Техника — молодёжи // № 1’2022 (1080)
Рис. Геннадия ТИЩЕНКО
Я просыпаюсь от грохота ливня. Гулко, как в перевёрнутое жестяное ведро — бам-бам-бам! — капли бьют барабанными палочками в навес над верандой, с журчащим шумом скатываются вниз. В доме темно и уютно — ватные волны одеяла, захлёстывающие под самый подбородок, белесоватые струи света из-под трепещущих штор, наперегонки ползущие по половицам, чёткое, печатное тиканье часов за спиною. Пора вставать.
Мои резиновые сапоги — точно юркие индейские пироги, скользящие по рекам луж, меж топких грязевых берегов. К счастью, идти до работы недолго — минут десять, прикрыв плечи дождевиком, а голову — опасно раскачивающимся по ветру парашютом зонта, и ты на месте. Киваю на проходной седенькому Борис Борисычу, полтора десятка шагов — мокро шлёпаю до лаборатории. Переобуваюсь на входе. Девять — начало рабочего дня, я никогда не опаздываю, не опоздал и сегодня.

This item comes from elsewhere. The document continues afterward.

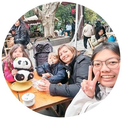 馮燕(右)與外國(guó)游客在鶴鳴茶社合影。 受訪者供圖
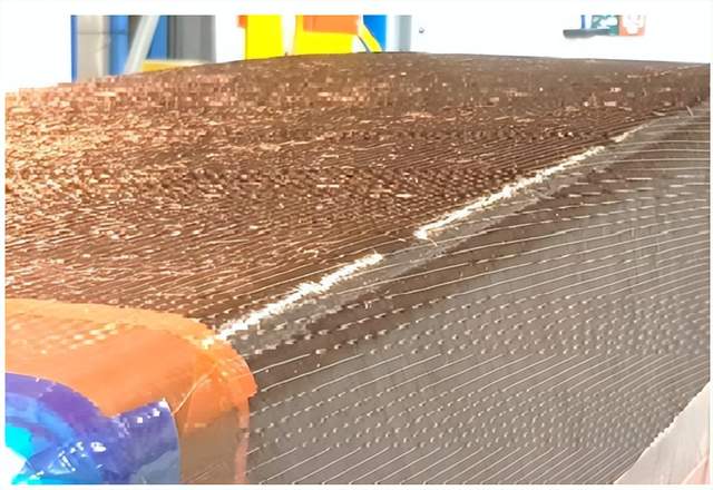 由Teijin 制造的双层碳纤维无卷曲织物(NCF)被指定用于翼梁。这里显示的是 NC 的翼梁低套件,在自动切割之后和预成型之前。

— О, Левченко пришёл! Прямиком из-под душа, гы! А мочалка, мочалку не забыл? — Вержицкий гыкает, трясёт из-за стола нестриженной головой. За его спиною — бешеная светоперекличка цифр и диаграмм, его участок работы, я туда нос не сую. За год так и не привык к его шуткам. Порой они раздражают, порой — бодрят, как холодные капли за шиворот, бесцеремонно льющийся ушат мёрзлых дождевых капель. Молча показываю ему кулак, иду к своему рабочему месту, включаю экран.
Чёрная, матовая поверхность перед моим лицом вмиг оживает, вспыхивает звездопадом серебристо сияющих цифр. Бледным жестяным полумесяцем загорается лампа над головой. Я зависаю над столом, сосредоточенно щёлкая клавишами, и время вокруг меня проваливается в чёрную дыру, минуты, часы — сплетаются созвездьями графиков в ночном квадрате экрана, холодными иглами лучей втекают в расширенные зрачки. Я пью его большими глотками, впитываю в просыпающийся мозг, до зыбкой ряби в глазах, до мелкого покалывания в кончиках пальцев — млечный поток данных нашего лабораторного проекта, цифры, диаграммы и чертежи. Клавиши под моими пальцами мягко уходят вниз, и, свободные от давления — взмывают обратно с тихим, деликатным щелчком. Щёлк. щёлк. Часы прощелкивают полдень, время обеда.
— Опять в столовую? Борщ с гречкой? Гы! Левченко, да ты гурман! — Вержицкий извлекает из ящика стола пакет с бутербродами, разворачивает целлофан, с чавканьем впивается в сизый бок колбасы. Поморщившись, я выхожу в коридор. Обогнув задремавшего Борис Борисыча, на лифте поднимаюсь в столовую.
Народу сегодня немного. Алексенко из соседнего отдела, Клавчукова, как всегда, улыбнувшаяся мне накрашенным ртом, Петров — важный, серьёзный, никого не замечающий — в самом хвосте очереди. Встаю за ним, ноздрями впитывая сочные мясные запахи, от которых желудок начинает громко урчать. Сдержанно кивнув буфетчице, заказываю бифштексы с рисовым гарниром и клюквенный морс. Иду к свободному столику.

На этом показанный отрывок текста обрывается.